# Ungewünschte Verbindung zu hXXps://syndication.twitter.com/i/jot



## Dooma (26. November 2014)

*Ungewünschte Verbindung zu hXXps://syndication.twitter.com/i/jot*

Wie der Titel schon sagt, ich kann mir einfach keinen Reim auf das folgende Verhalten machen.

Täglich steht sowohl im IE Verlauf, als auch unter den häufig benutzten Sites ein Eintrag zu hXXps://syndication.twitter.com/i/jot
Dahinter scheint aber nur eine leere Seite zu sein.
Aber ich benutze weder Twitter, noch Facebook, noch Google Konten und verlinkt sind die demnach ganz sicher auch nicht.

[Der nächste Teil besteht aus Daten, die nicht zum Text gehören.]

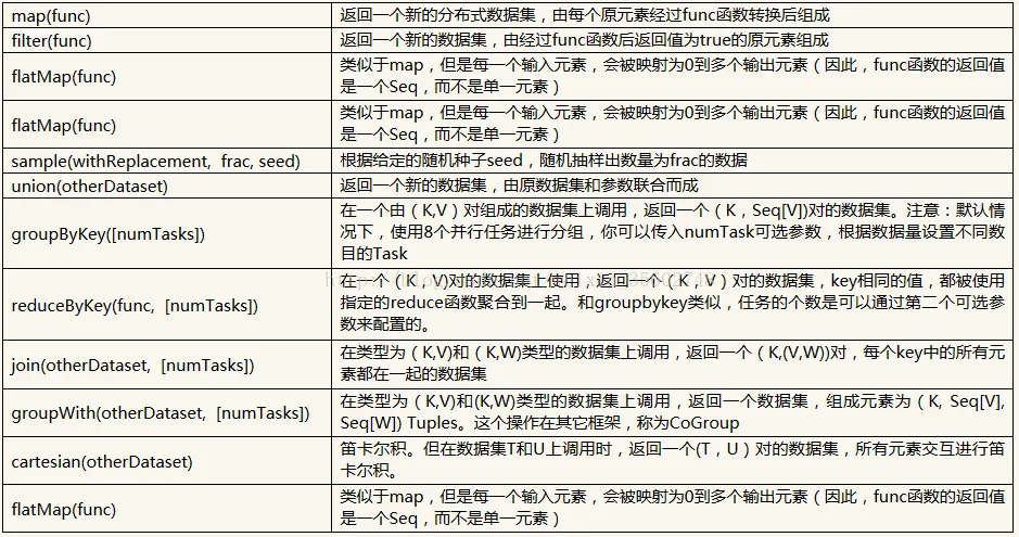 Transformation操作会由一个RDD生成一个新的 RDD。Transformation操作是延迟计算的,也就是说从一个RDD转换生成另一个RDD的转换操作不是马上执行,需要等到Actions操作时,才真正开始运算。

Also woher kommt der Schrott?

Ich hab gestern schon meinen PC mal durchgecheckt, Viren und Rootkit Test drüber gejagt. Kein Befund.
Hab selber nochmal alle laufenden Prozesse, besonders die rundlls angesehen, bin die üblichen Malware Ablageorte durchgegangen. Nichts außergewöhnliches.
Hab mir die Addons im IE angesehen, nichts besonders drin. Das meiste von mir Deaktiviert, Toolsbars hab ich gar keine.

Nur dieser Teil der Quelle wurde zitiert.